** SUPPLIED RECORDS follows **

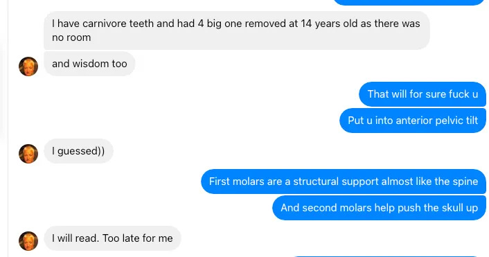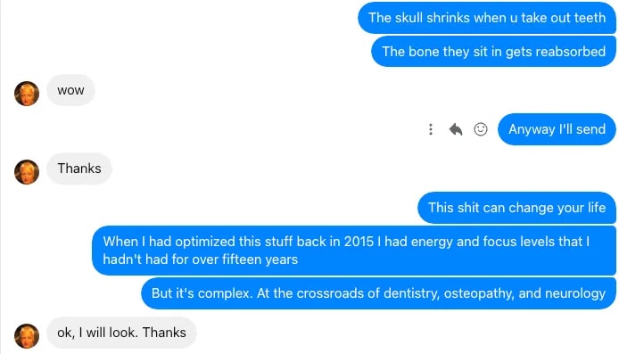 他的確被我說的內容引起了興趣,尤其是因為他拔掉過不少牙齒,所以我的理論多少讓他覺得有幾分道理(如上圖所示)。但他的語氣裡透著一種近乎認命的無奈……正如你在上面看到的,他回覆我:「對我來說已經太晚了。」
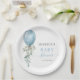 It's a boy blue balloon bow greenery baby shower paper plate.
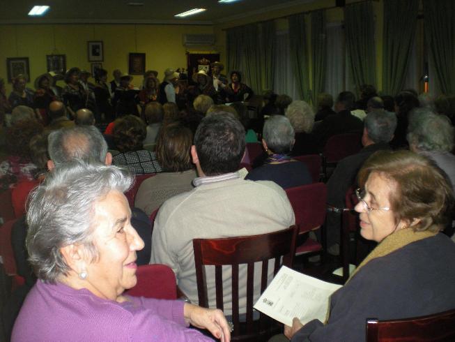 Con una asistencia numerosa de socios que colmaba la disponibilidad del salón de actos de la Casa, César, Marita, Charo, Antonio, Pablo, José Luis, Julio, Shreezade, y el resto del coro, nos deleitaron con composiciones de zarzuela, como la Parranda, La Rosa del Azafrán, Luisa Fernanda o La Revoltosa, amén de otras piezas de composiciones operísticas entre las que destacamos El Gato Montés o La Traviata.
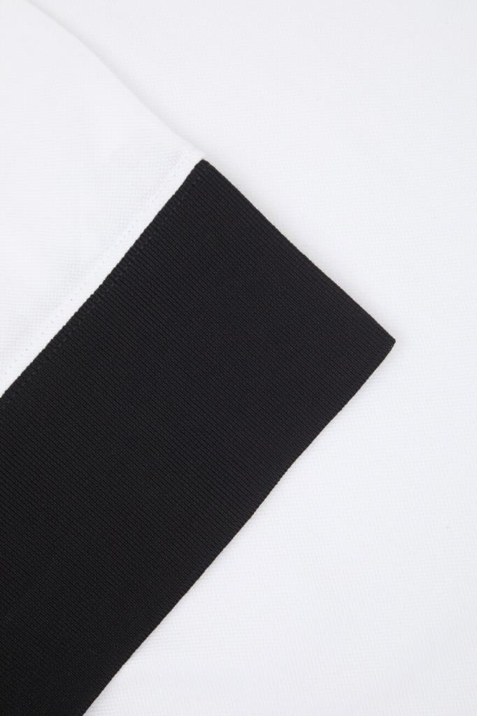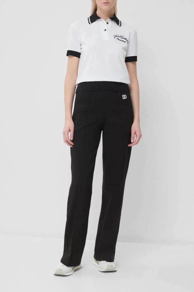 Поло Dolce&Gabbana с минималистичной знаковой символикой Дома. Фасон изделия белого цвета, изготовленного из мягкого хлопкового пике с характерной текстурой, предполагает прямой силуэт и наличие коротких рукавов. Отложной воротник, манжеты рукавов и пояс выполнены в контрастном оттенке и оформлены резинкой для оптимальной посадки. Слева на груди вышита дизайнерская надпись, отсылающая к бренду.
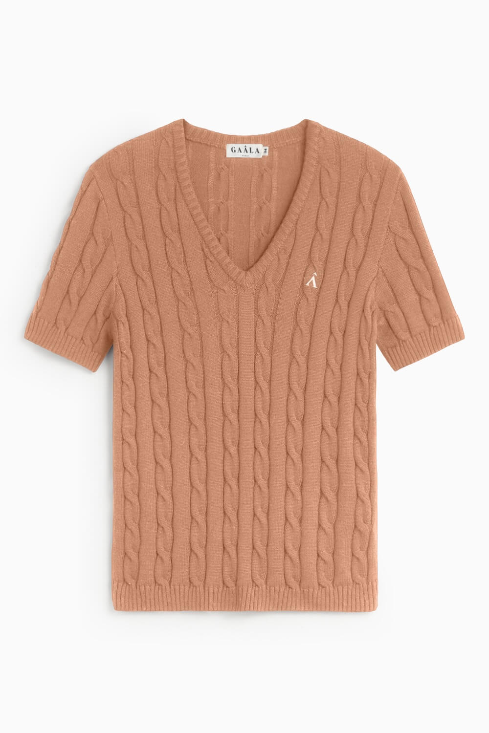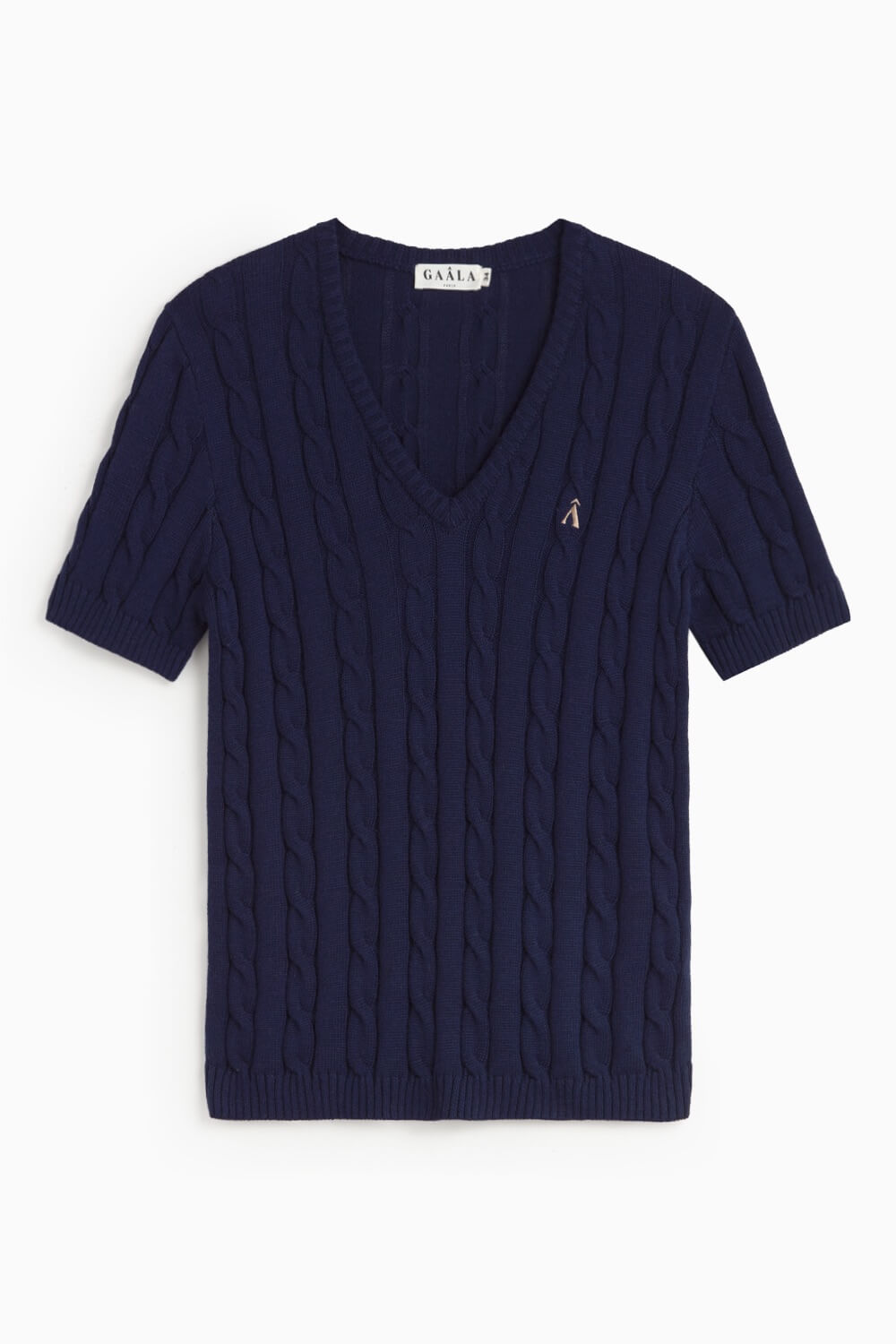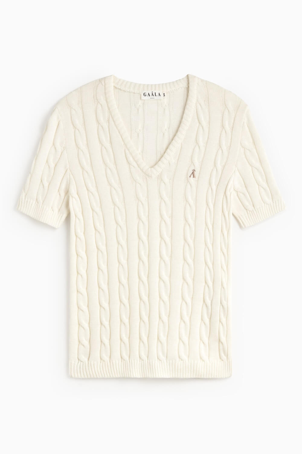 This top is machine knit with a classic cable knit pattern, crafted from a premium blend of organic cotton and cashmere. Cut in a form-fitting, hip-length silhouette; it features a v-neckline, short sleeves, and an embroidered Gaâla logo.
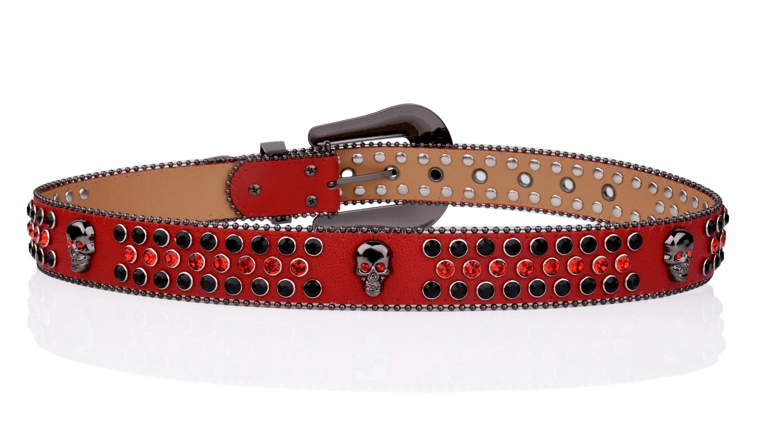 Det här är mer än ett bälte. Det är din attityd, din röst och din power. Ett punkigt westernbälte med eldröd bas, svarta och röda strassdetaljer samt ikoniska dödskallemotiv. För dig som klär dig med självsäkerhet och gillar att dominera scenen – vare sig det är gatan, klubben eller livet.
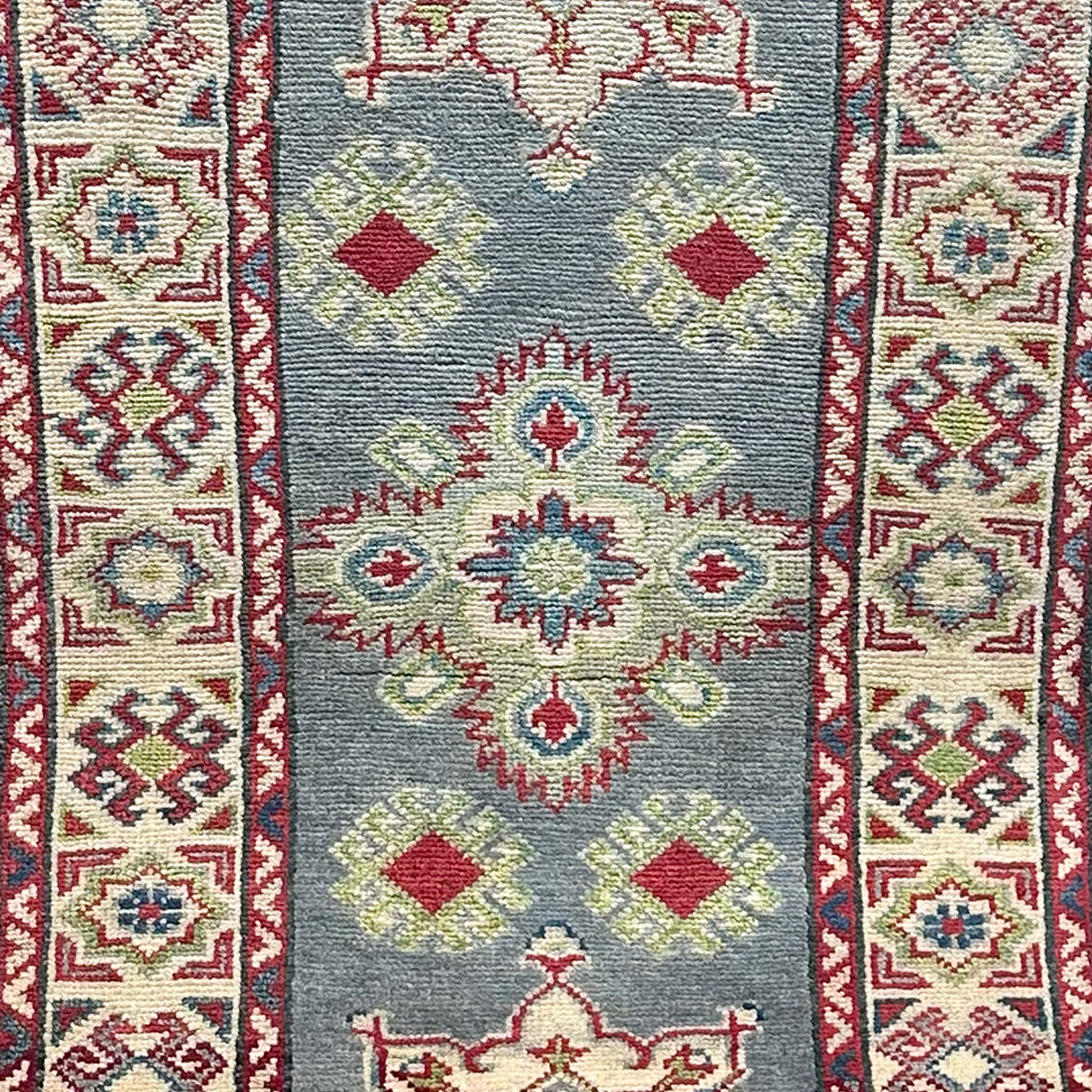 This Afghan runner is made exceptionally beautiful with expert hand-knotting by quality Afghan weavers who possess a rich cultural heritage of the people of Kazakhstan. The pattern combines classic geometric stars and flower patterns, which have been inherited over several generations. It has perfect craftsmanship that portrays the beauty and heritage of Afghanistan, which makes it an ideal piece to have in a space.
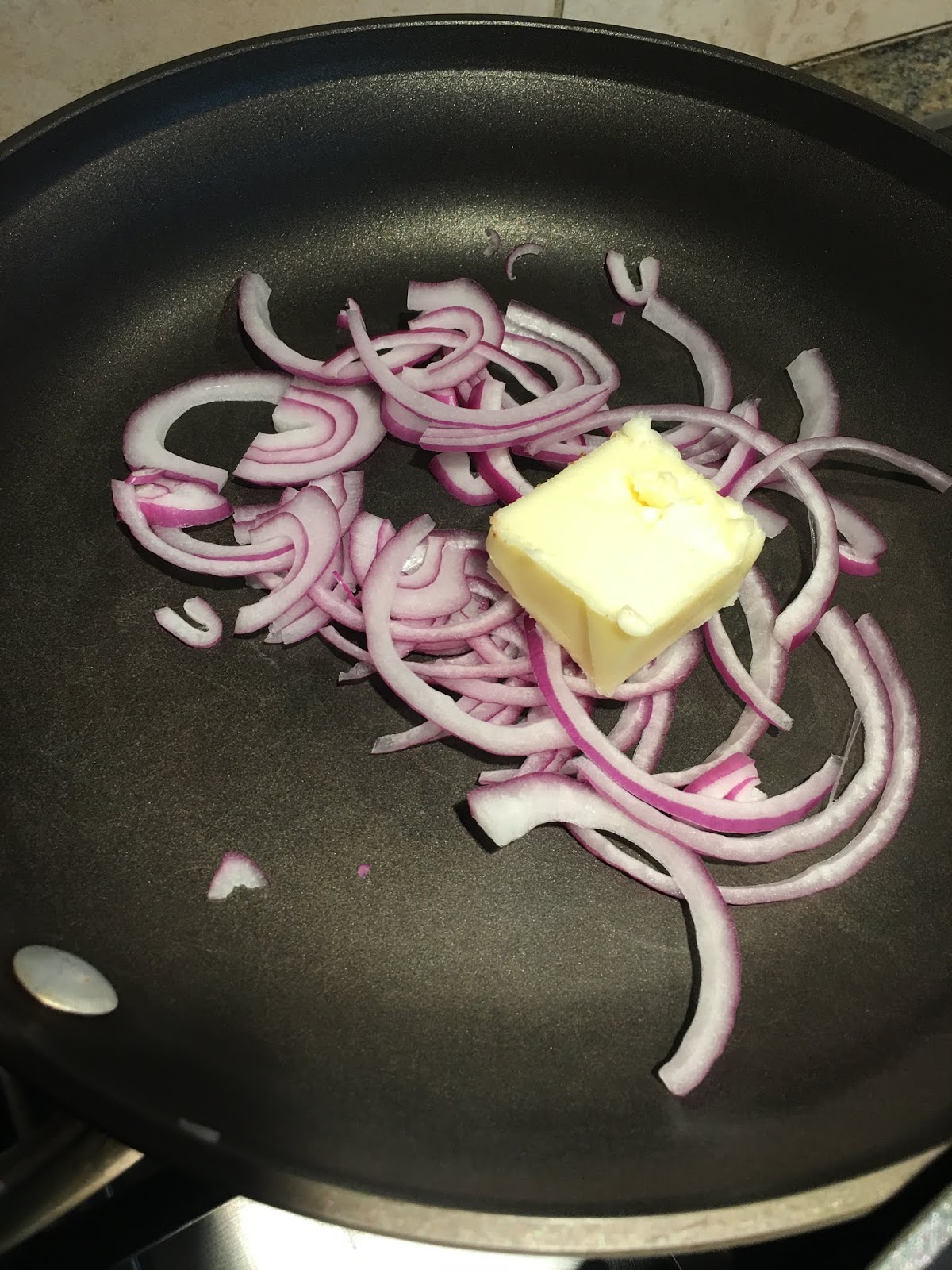 I sautéd a quarter of a red onion in a pat of butter, then added the zucchini just to heat it up but not to cook it because the noodles would wilt.

** End of SUPPLIED RECORDS **

_ASSIGNMENT:_ Repeat the listing exactly; do not print any picture.

_EXPECTED ANSWER:_
 他的確被我說的內容引起了興趣,尤其是因為他拔掉過不少牙齒,所以我的理論多少讓他覺得有幾分道理(如上圖所示)。但他的語氣裡透著一種近乎認命的無奈……正如你在上面看到的,他回覆我:「對我來說已經太晚了。」
 It's a boy blue balloon bow greenery baby shower paper plate.
 Con una asistencia numerosa de socios que colmaba la disponibilidad del salón de actos de la Casa, César, Marita, Charo, Antonio, Pablo, José Luis, Julio, Shreezade, y el resto del coro, nos deleitaron con composiciones de zarzuela, como la Parranda, La Rosa del Azafrán, Luisa Fernanda o La Revoltosa, amén de otras piezas de composiciones operísticas entre las que destacamos El Gato Montés o La Traviata.
 Поло Dolce&Gabbana с минималистичной знаковой символикой Дома. Фасон изделия белого цвета, изготовленного из мягкого хлопкового пике с характерной текстурой, предполагает прямой силуэт и наличие коротких рукавов. Отложной воротник, манжеты рукавов и пояс выполнены в контрастном оттенке и оформлены резинкой для оптимальной посадки. Слева на груди вышита дизайнерская надпись, отсылающая к бренду.
 This top is machine knit with a classic cable knit pattern, crafted from a premium blend of organic cotton and cashmere. Cut in a form-fitting, hip-length silhouette; it features a v-neckline, short sleeves, and an embroidered Gaâla logo.
 Det här är mer än ett bälte. Det är din attityd, din röst och din power. Ett punkigt westernbälte med eldröd bas, svarta och röda strassdetaljer samt ikoniska dödskallemotiv. För dig som klär dig med självsäkerhet och gillar att dominera scenen – vare sig det är gatan, klubben eller livet.
 This Afghan runner is made exceptionally beautiful with expert hand-knotting by quality Afghan weavers who possess a rich cultural heritage of the people of Kazakhstan. The pattern combines classic geometric stars and flower patterns, which have been inherited over several generations. It has perfect craftsmanship that portrays the beauty and heritage of Afghanistan, which makes it an ideal piece to have in a space.
 I sautéd a quarter of a red onion in a pat of butter, then added the zucchini just to heat it up but not to cook it because the noodles would wilt.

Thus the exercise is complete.